Almost all material on which such an AI is trained is protected by copyright, and the material that the AI in turn produces is material that traditionally has qualified for copyright protection.
Does training generative AI on copyrighted material infringe copyright?
Training of AI models, which we touched upon at the beginning, involves something called "text and data mining" - often abbreviated to "TDM". This is an umbrella term that refers to the automatic process where large sets of text and data are analyzed in order to discover patterns and relationships. Once the TDM process is done, the AI model can apply what it has learned to generate new material.
When carrying out TDM, some type of copying of the material that you wish to extract from will often be an inevitable step in the process of . Therefore, such extraction infringes copyright in principle. However, the purpose of the text and data mining is not to copy this material, but to extract the ideas and facts behind it. Copyright is not intended to safeguard and protect ideas and facts. Therefore, it is perhaps somewhat paradoxical that one infringes copyright when carrying out text and data mining.
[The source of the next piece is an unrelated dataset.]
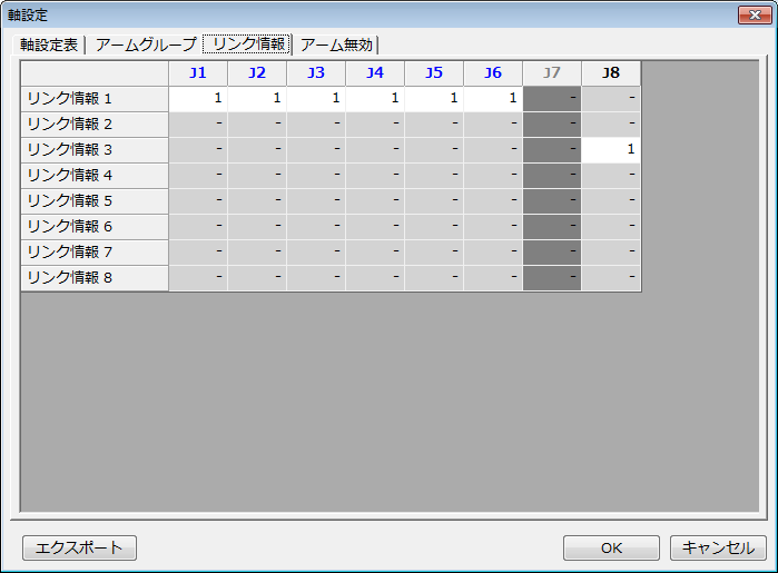 設定内容は、付加軸取扱説明書の「リンク情報設定」を参照してください。

It didn't take long from generative AI to start making headlines, until its use of copyrighted material started a a major debate. On the one hand, you have those who believe authors should be compensated for the use of works in AI training. And on the other hand you have those who believe that one should be able to perform TDM and training of AI more freely on copyrighted material, since the actual purpose is only to extract pure ideas and facts, which in themselves are not meant to be protected.
As TDM in principle infringes copyright, but does not have as its purpose to copy, the EU has found it necessary to come up with some special rules that regulate exactly this. These rules will have an impact on the training of AI on material protected by copyright.
New EU/EEA legislation
An EU directive on copyright in the digital sphere from 2019, called the Digital Markets Directive, contains rules related to TDM in the directive's articles 3 and 4. Since TDM techniques are used to train generative AI, these rules will be of great importance in realtion to the legality of training AI on copyrighted material. This directive will shortly be implemented in Norwegian legislation - presumably during 2024.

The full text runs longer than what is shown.